NodeAcc [ n ] [ i ] represents the number of times that the node n accesses the page i, and the formula shows that the maximum number of times that the node page is accessed is more than twice as large as the second maximum, and the previous pages are all considered to be hot pages. And then after the address of the hot page in the virtual machine is converted into the physical address of the physical machine, the page migration module calls a function move _ pages to migrate the hot page of the application program to the target node. And after the hot page migration is finished, continuing returning to the performance detection module to monitor the performance of the system.

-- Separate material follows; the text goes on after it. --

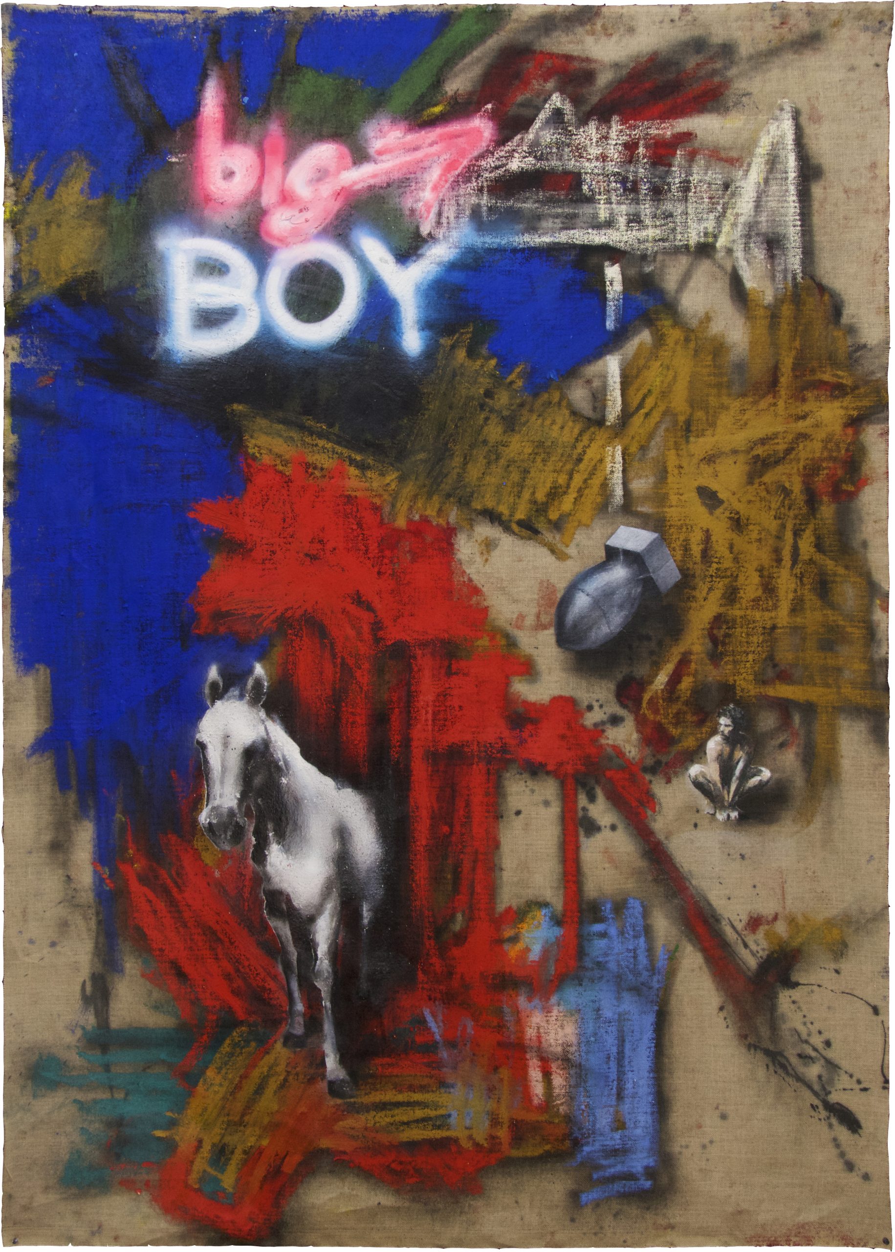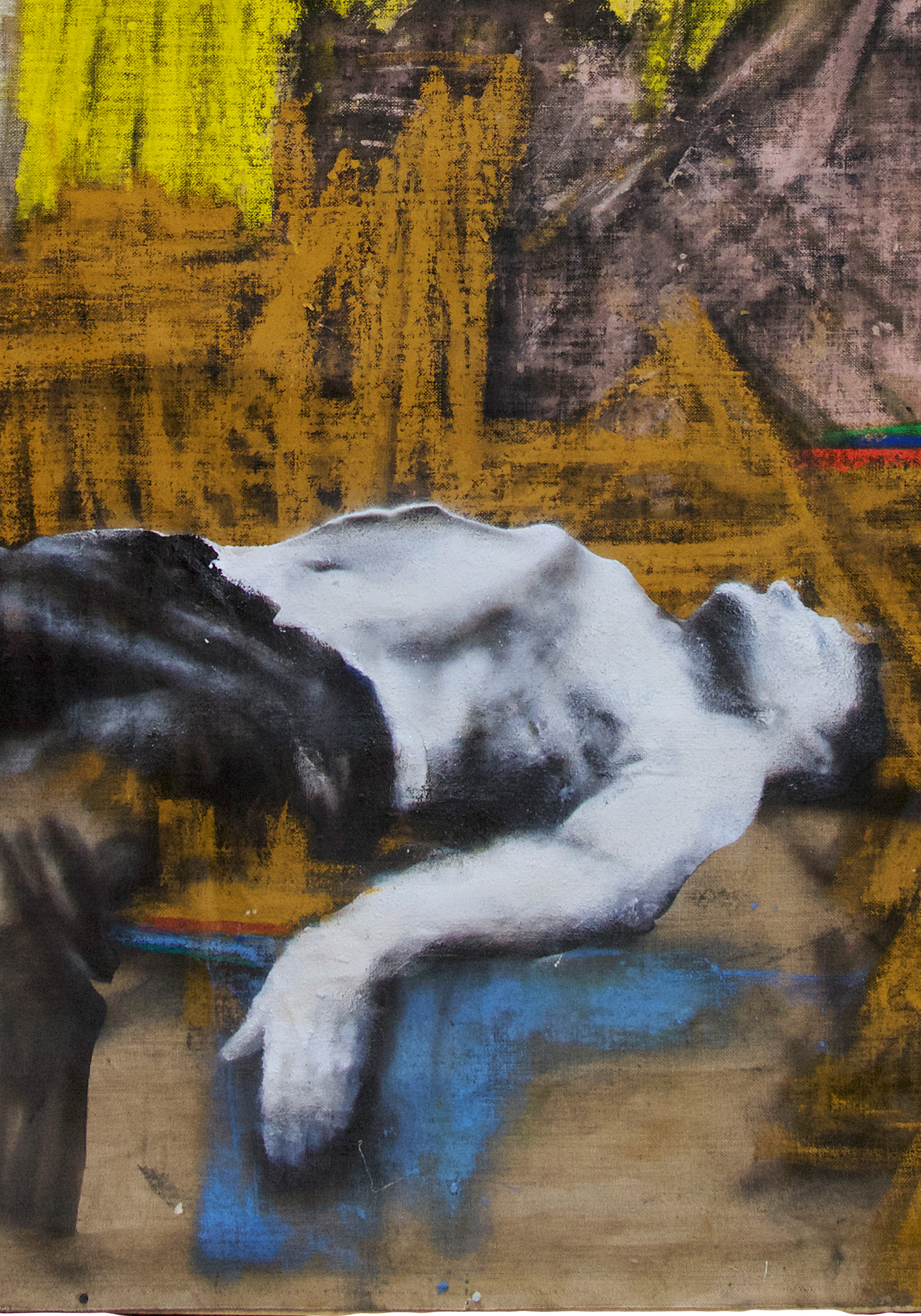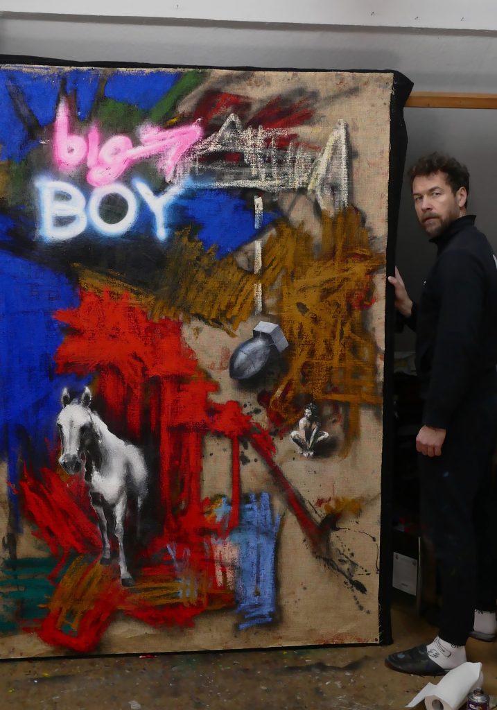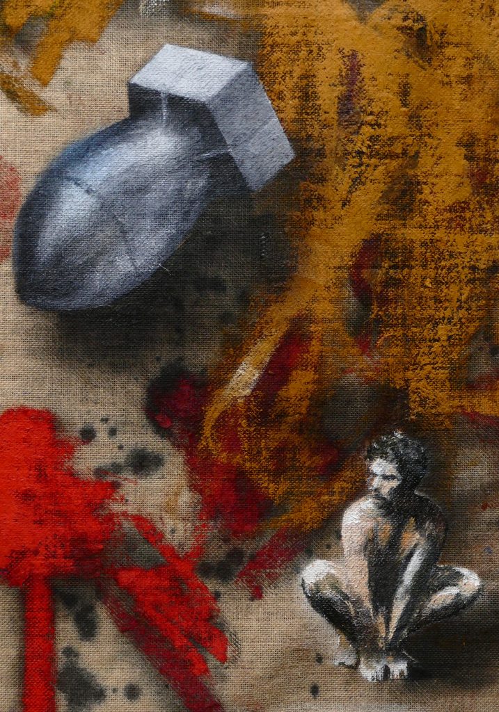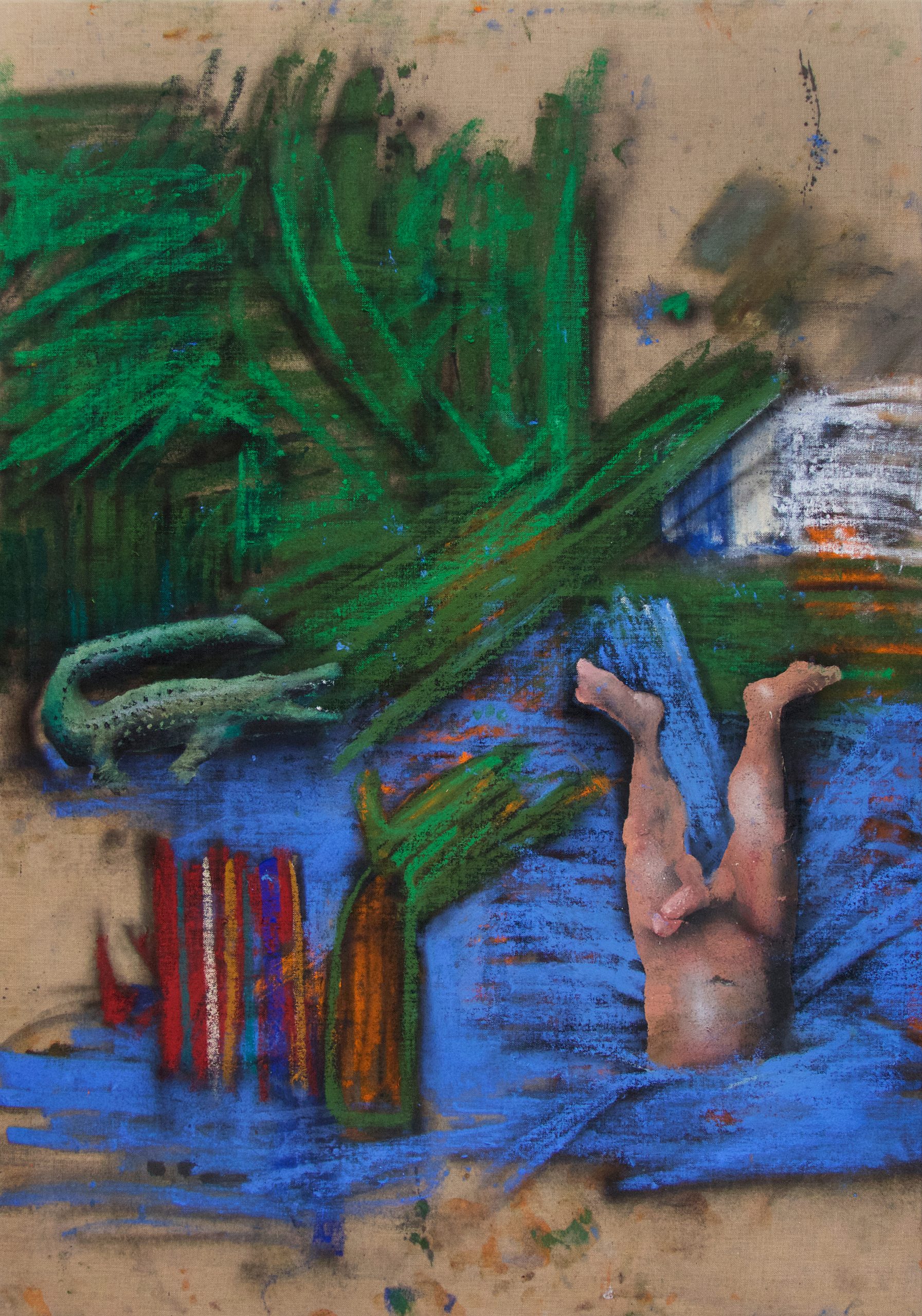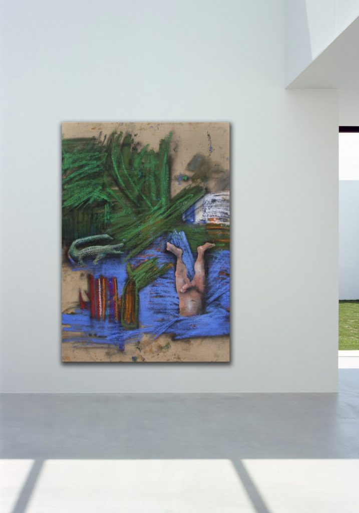The decisive difference to my previous work in this series is the fact that at the beginning of the painting process I have no idea what the painting will ultimately look like. Apart from the intention to paint a picture, there is initially neither a basic thematic nor compositional idea. It all begins with me sitting on the raw canvas and producing random, child-like scribbles. Occasionally I look at the scribbles from a distance or different angles until something in them evokes the first figurative association. It seems as if from then on the picture itself tells me what it wants to become. Consequently, I try to follow the chain of ideas it evokes and force myself to bring every spark of thought onto the canvas.

The foregoing detailed description of the preferred embodiments of the invention has been presented. It should be understood that numerous modifications and variations could be devised by those skilled in the art in light of the present teachings without departing from the inventive concepts. Therefore, the technical solutions available to those skilled in the art through logic analysis, reasoning and limited experiments based on the prior art according to the concept of the present invention should be within the scope of protection defined by the claims.

Claims

1. An optimization method based on a non-uniform I/O access system in a virtualized multi-core environment is characterized by comprising the following steps:

if NodeAcc[n][i]＞2*NodeAcc[n][j]

Wherein NodeAcc [ n ] [ i ] represents the number of times that the node n accesses pagei, and the formula shows that the previous page is considered to be a hot page if the maximum number of times that the node page is accessed is more than twice of the second maximum;

2. The non-uniform I/O access system based on the virtualized multi-core environment using the optimization method as claimed in claim 1, comprising a performance monitoring module, a thread binding module and a memory migration module,

the performance detection module is configured to monitor hardware information of the virtual machine and the physical host in real time through the modified performance monitoring tool;

The thread binding module is configured to judge whether the current system is under low load or high load according to the hardware information collected by the performance detection module, and bind the virtual machine thread on the node with higher load to another node with lower load if the current system is under high load;

the memory migration module is configured to migrate the related threads to the node closest to the network adapter if the load of the current system is low, so that excessive remote access is avoided, the bandwidth occupation of the interconnection among the nodes is reduced, and the throughput of the system is improved;

the hardware information comprises the times of accessing pages by an application program in the virtual machine, the times of I/O requests, and real-time CPU load and memory load of the physical host;

the judgment condition for judging whether the current system is in low load or high load is as follows:

the step of migrating the related thread to the node closest to the network adapter refers to migrating an access hot page of the thread distributed on a remote node to a local node, wherein the judgment formula of the hot page is as follows:

if NodeAcc[n][i]＞2*NodeAcc[n][j]

and the judgment formula of the hot page shows that the prior pages are all hot pages when the maximum access times of the node pages are more than twice of the second maximum.